With her case presented, Susan allowed herself to sit back into the chair. She felt she had put the matter fairly and completely; if Dr. Nelson was going to be interested, he certainly had enough to go on to make up his mind.

Dr. Nelson did not speak right away. Instead he continued to regard Susan; then he studied the printout, taking short, quick puffs on his pipe.
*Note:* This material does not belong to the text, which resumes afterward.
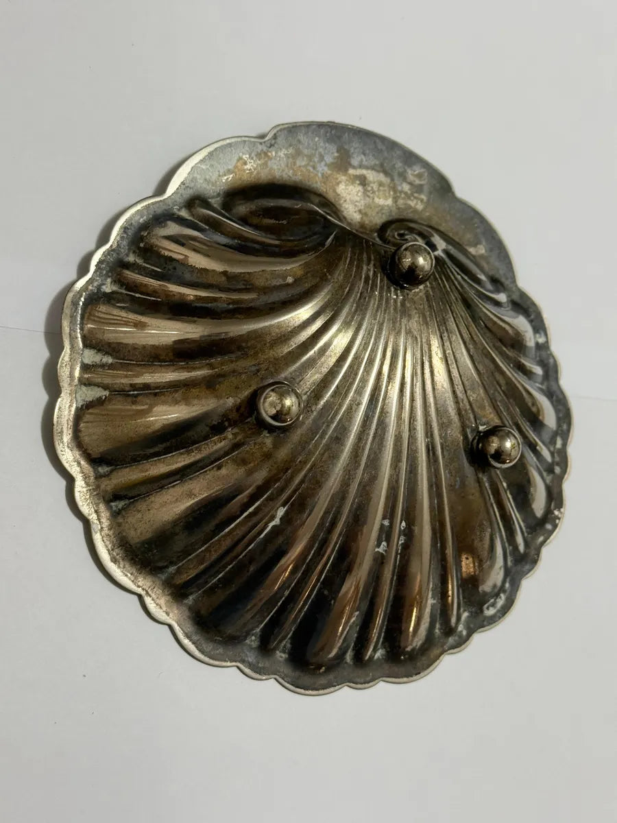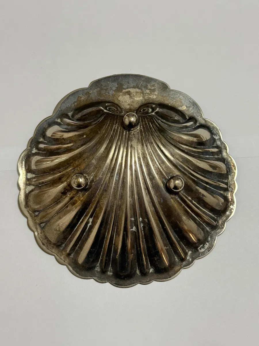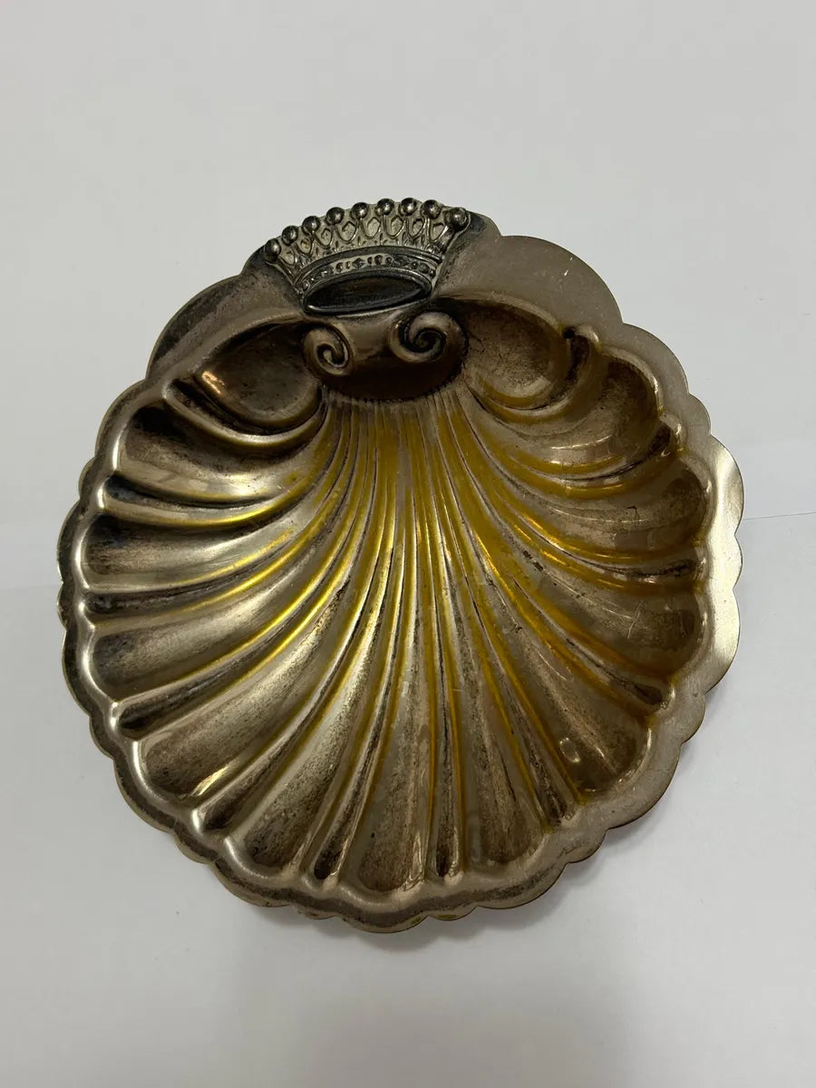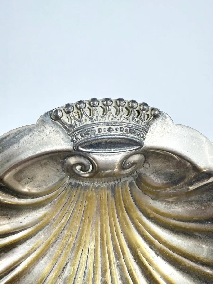 Peça decorativa antiga em formato de concha, produzida em metal prateado com acabamento dourado interno e detalhe superior em forma de coroa. Ideal para uso como porta-joias, bomboniere, cinzeiro ou item de coleção. Possui base com três pés esféricos para apoio.

“This is all very interesting information, young lady. Of course I have been aware of the problem. However, there are other implications in these statistics and I can assure you that this apparent high incidence is occurring because … well, frankly … we have been lucky over the last five or six years that we haven’t had any such cases. Statistics have a way of catching up with you, though … and indeed that seems to be the case at present. As to your request, I’m afraid I’m not in a position to grant it. You undoubtedly understand one of the major impediments to our establishing our central computer information bank was the creation of adequate safeguards concerning the confidentiality of most of the information stored. It is impossible for me to give blanket authorization. In fact, this type of endeavor is really … what should I say … hmm … beyond … or above that which a medical student of your level is equipped to deal with. I think it would be in everyone’s best interest, yours included, if you would limit your research interests to more scientific projects. I’m certain I could find room for you in our liver lab, if you were interested.”